Pakistan has recently completed its visit to the ballot box and emerged with Imran Khan, the former cricket player, as its new Prime Minister. Much has already been written and spoken about Pakistan’s new leader and many are cautiously hopeful that he will be a positive force for his country.
I’ll add my voice of hope too to the above sentiments, that this is possibly a chance for Pakistan to create a new and positive direction, one that has eluded it from the very date of its inception.
But what of determining success? My preference as ever, is to try and let the story be crafted through a narrative of numbers.
Below are graphs showing key national metrics with both past and present perspectives. Comparisons are made with India and Bangladesh – countries once joined together with Pakistan as a single entity, in addition to China – the economic powerhouse of Asia.
Preservation of life
Any government should have within its agenda the objective of ‘preserving/safeguarding life’, to create an environment in which life matters, be it by reducing murder or the rate of child mortality or taking measures to support the increase of life expectancy.
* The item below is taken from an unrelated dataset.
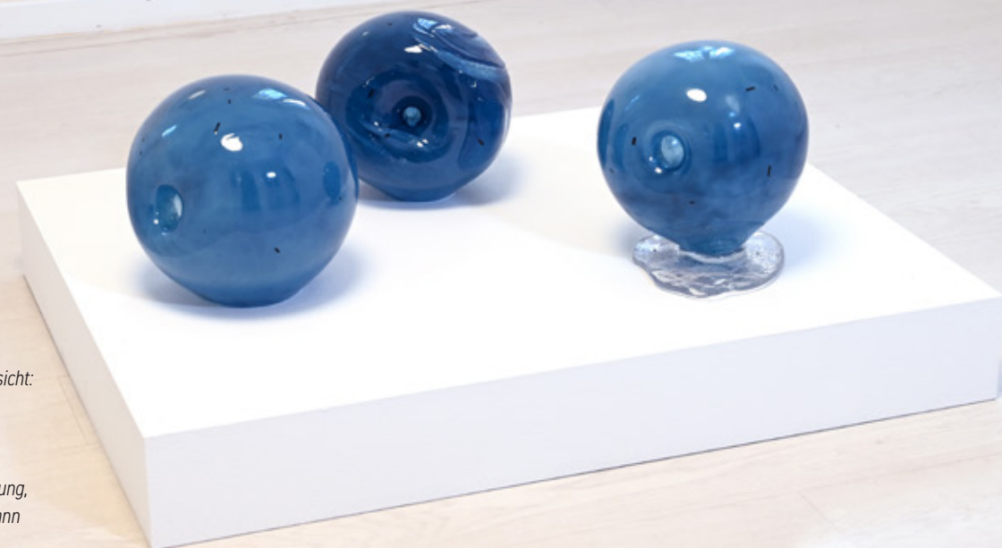
Ausstellungsansicht: Shifting Waters , ERES Stiftung, Sonia Leimer, Foto: ERES Stiftung, Lukas Kindermann

Unfortunately, Pakistan has an abysmal record with respect to these metrics.
It’s child mortality rate suggests that close to one in every 10 children born in Pakistan dies before reaching their fifth birthday, a rate which is approximately double in comparison to India and Bangladesh, and certainly distant when compared to China, which has a child mortality rate nearer 1 in every 100:
Pakistan’s homicide rates are woeful too, with a rate of 8 in every 100,000 murdered per annum, more than two to four times the rate in India and Bangladesh respectively and an eight fold ratio when compared with China:
The third ‘preservation of life’ metric of average life expectancy is very low at just over 66 years, a near 10 year difference with China and significantly below Bangladesh:
Given Imran Khan’s initiatives to date, including his campaign to establish Pakistan’s first cancer hospital, it is hoped that he will create a national focus and strategy on health which will hopefully yield positive outcomes for both child mortality and life expectancy. Also, an increased focus upon law and order and tackling some of the root causes for Pakistan’s high homicide rates will surely be a priority for the new prime minister.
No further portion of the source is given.